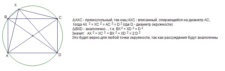 Доказать, что для любой точки Х окружности, описанной около прямоугольника АВСД, сумма XA² + XB² + XC² + XD² - величина постоянная.
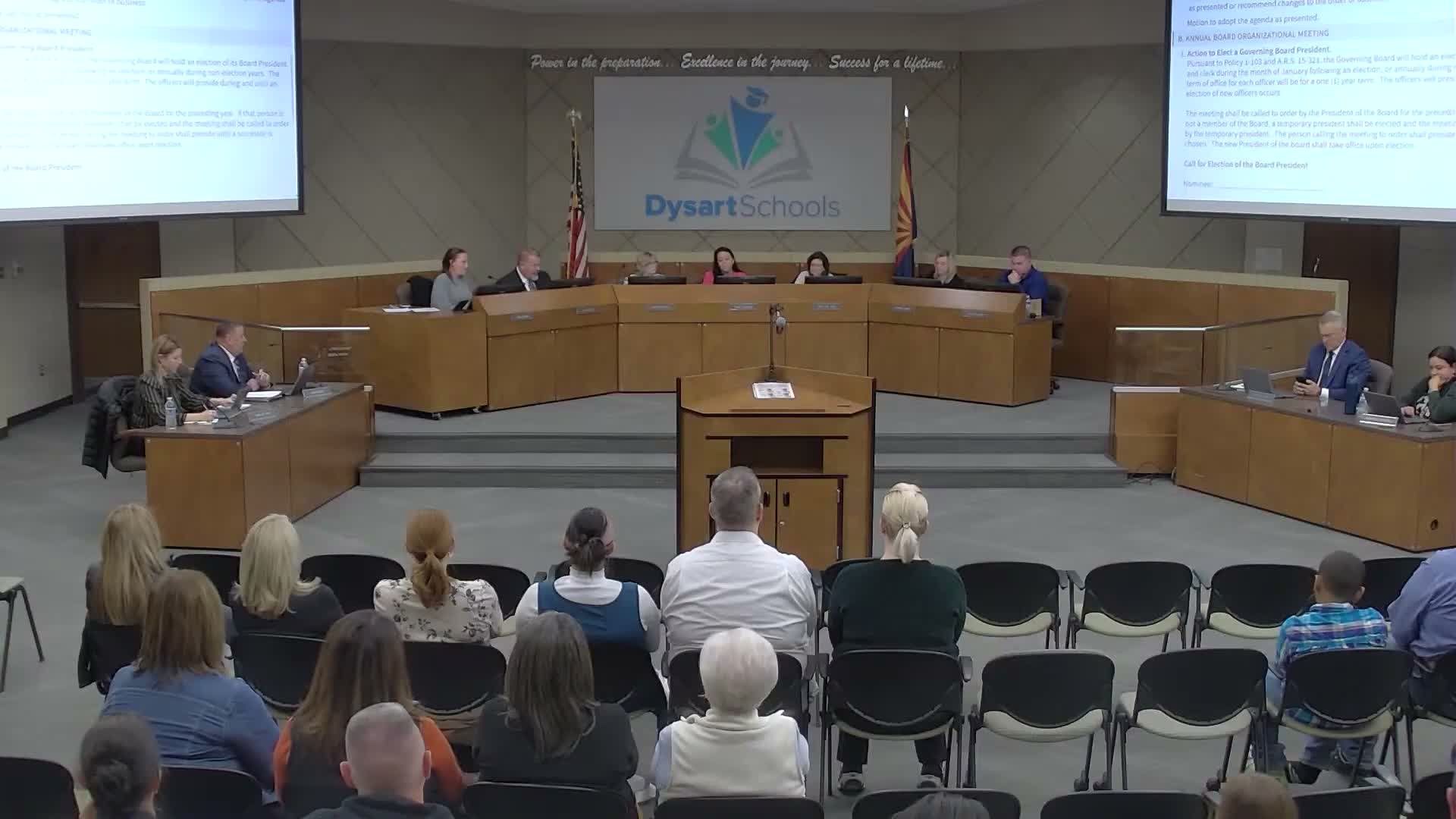 The Dysart Governing Board elected Steve Scarvera as board president and Mary Jane Ziola as board clerk. A proposal to move policy monitoring from an annual to a three-year rotation failed after members voiced concerns about reduced oversight.
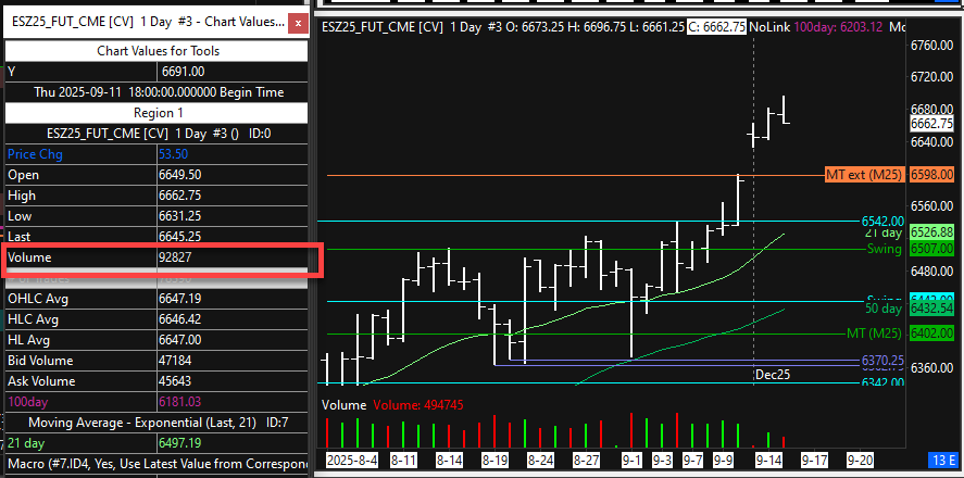 To begin with, you need to look at the Daily volume, not the intraday volume. Second, in order to see where the rollover is occurring, use a standard candlestick chart and enable the option for "Chart >> Show Rollover Dates". This will show the date at which the rollover is occurring. We have attached 2 images. One is daily charts of ESU25 and ESZ25 showing the volumes in the second region as text. It shows that the daily volume of ESZ25 is greater than the daily volume of ESU25 on September 15, 2025. The other image shows a bar chart for ESZ25 set to Continuous Volume Based Rollover with the rollover date showing in the chart. It shows the rollover on the evening of September 14, 2025, which is the trading date for September 15, 2025. Everything is showing fine for these charts for us, so we need more information on where the problem is. For the most reliable, advanced, and zero cost futures order routing, use the Teton service: Sierra Chart Teton Futures Order Routing |
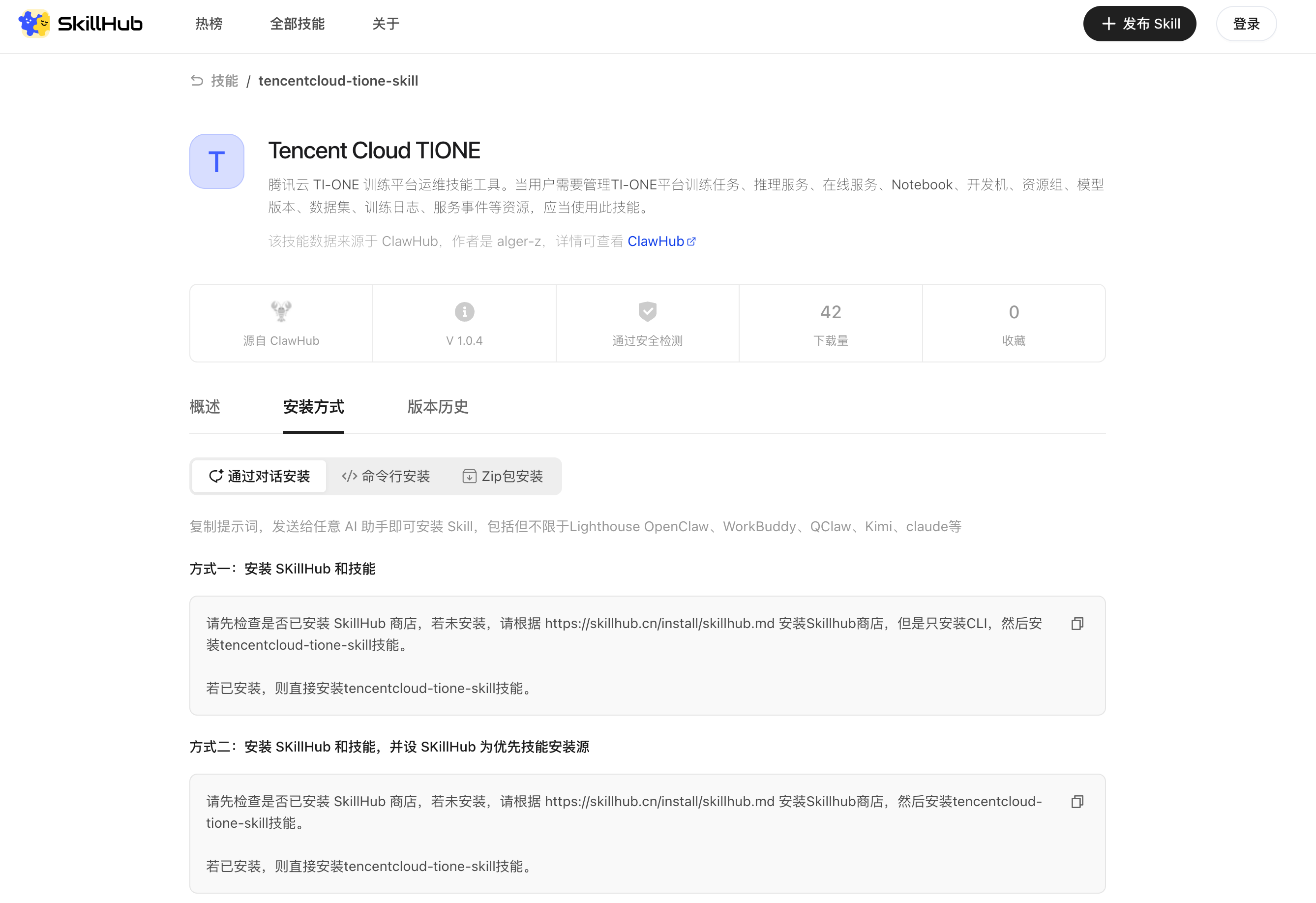 # CLI 安装curl -fsSL https://skillhub-1388575217.cos.ap-guangzhou.myqcloud.com/install/install.sh | bash -s -- --no-skillsskillhub install tencentcloud-tione-skill
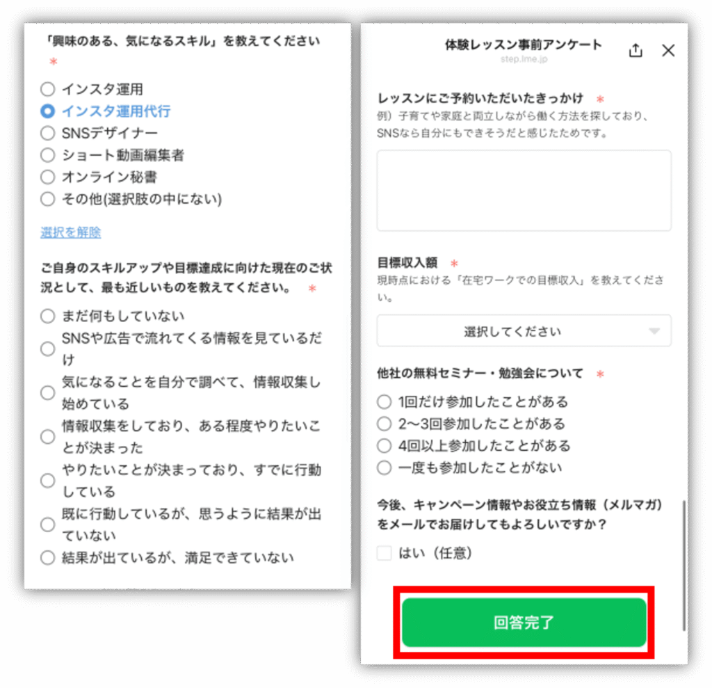 問題なく送信できていたら、スキルスキップから回答完了のメッセージが届く💕
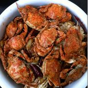 小花盖蟹、干辣椒、姜、葱、白酒或料酒、老抽、生抽、白糖、色拉油、白开水。
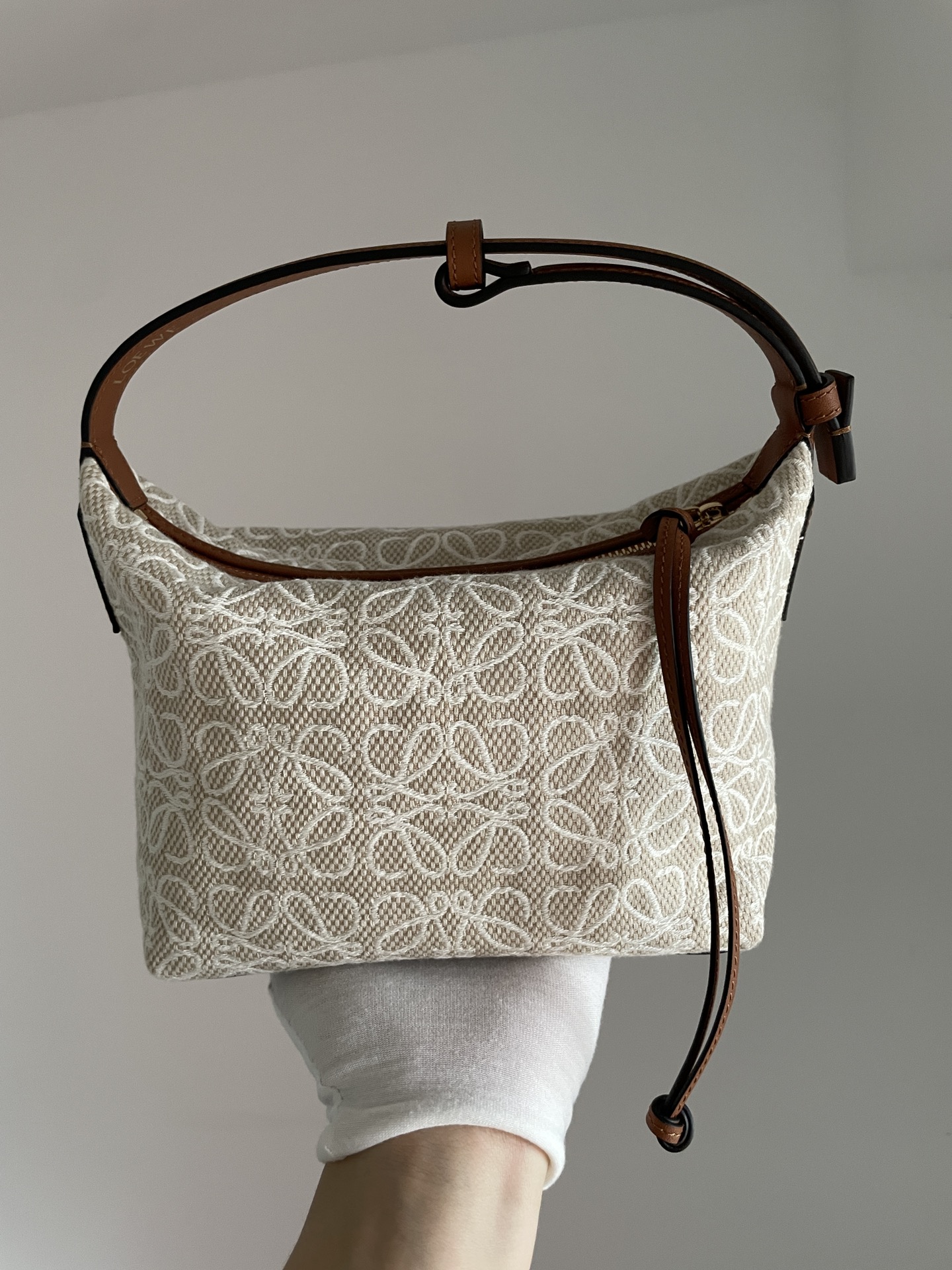 LOEWE Cubi Anagram small tote in jacquard and calfskin — practical and chic.
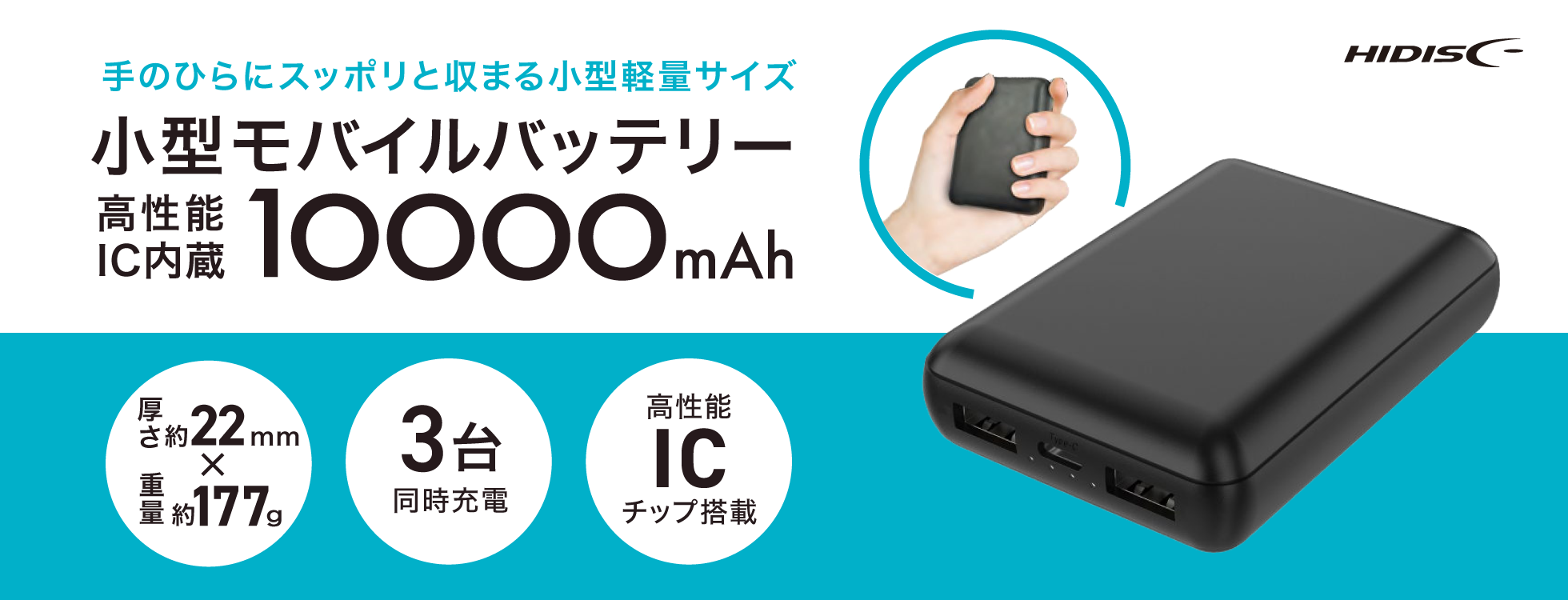 - HD4-MBTC10000BKP/高性能IC内蔵 10000mAh 薄型モバイルバッテリー ブラック OPPパッケージ
+ + +
**Exercise instructions**: An exact copy is needed of the lines from the start of the listing through the line with "The Dysart Governing", both end lines included and pictures excluded.

**Result**:
 Доказать, что для любой точки Х окружности, описанной около прямоугольника АВСД, сумма XA² + XB² + XC² + XD² - величина постоянная.
 The Dysart Governing Board elected Steve Scarvera as board president and Mary Jane Ziola as board clerk. A proposal to move policy monitoring from an annual to a three-year rotation failed after members voiced concerns about reduced oversight.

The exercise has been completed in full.